New file was created.

MKdir

New directory was created.

MKnod

A block or character special file was created.

RMdir

Directory was removed.

Unlink

File removed.

Note: Multiple paths can reference the same EntryID (File Content). Disk space is only freed if the last link has been removed.

Symlink

A symbolic link was created.

Path, EntryId, and ParentEntryId: of the newly created link. TargetPath and TargetParentEntryID: of the referenced file/directory. Note: since this is a symbolic link, the target may contain relative and/or non-existing paths.

Hardlink

A hardlink was created.

Path: Path relative to the mount point of the new link EntryId: The EntryID of the referenced file ParentEntryId: The EntryID of the parent directory, containing the new link. Since hardlinks are only supported within the same directory, this is identical to the parent directory of the source. TargetPath, TargetEntryId: of the link target.

Rename

A file or directory was renamed or moved.
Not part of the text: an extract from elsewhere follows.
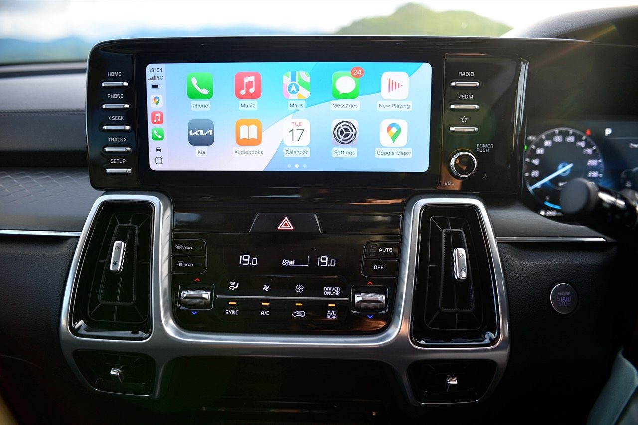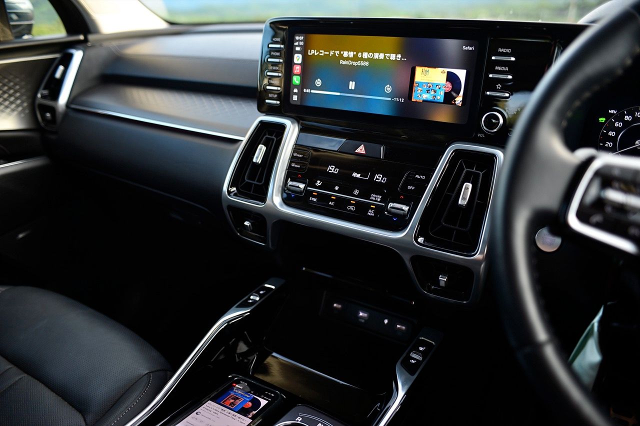 ภายในห้องโดยสารที่ค่อนข้างแปลกตาจากแนวทางการออกแบบของรถยนต์จากเกาหลีที่มีสไตล์เป็นของตัวเองโดยไม่ได้ลอกเลียนแบบใคร Sorento PHEV มาพร้อมความละลานตา ด้วยมาตรวัดดิจิทัลขนาด 12.3 นิ้ว หน้าจอสัมผัสอินโฟเทนเมนต์ขนาด 10.3 นิ้ว เชื่อมต่อ Apple CarPlay, Android Auto พร้อมระบบนำทางในตัว แท่นชาร์จไร้สาย พอร์ต USB สำหรับผู้โดยสารทุกตำแหน่ง พอร์ตชาร์จ USB สองพอร์ตที่ด้านข้างของเบาะนั่งแถวที่ 1 และพอร์ตชาร์จที่ 3 รองรับผู้โดยสารแถวที่ 3 ระบบเสียงพรีเมียมจาก Bose ติดตั้งลำโพงคุณภาพสูง 12 ตำแหน่งรอบห้องโดยสาร

Path: Thing being moved EntryID: Its entryID ParentEntryID: Its parentEntryID TargetPath, TargetParentId: The path/name moved to and the EntryID of the new parent directory.

OpenRead

Create event log entries for open with O_RDONLY flag.

OpenWrite

Create event log entries for open with O_WRONLY flag.

OpenReadWrite

Create event log entries for open with O_RDWR flag.

LastWriterClosed

Triggered when no more clients have the entry open for writing.

Entry IDs

BeeGFS uses an Entry ID to identify files and directories, similar to inodes on other UNIX/Linux file systems. An Entry ID is a string of the following form:

root|disposal|mdisposal|[0-9A-F]{1,8}-[0-9A-F]{1,8}-[0-9A-F]{1,8}

The three hex numbers can be represented as positive, non-zero integers. The special cases root, disposal, mdisposal do not appear for normal files and are for internal bookkeeping only. They can be represented by the integer triple by including zeros, for example.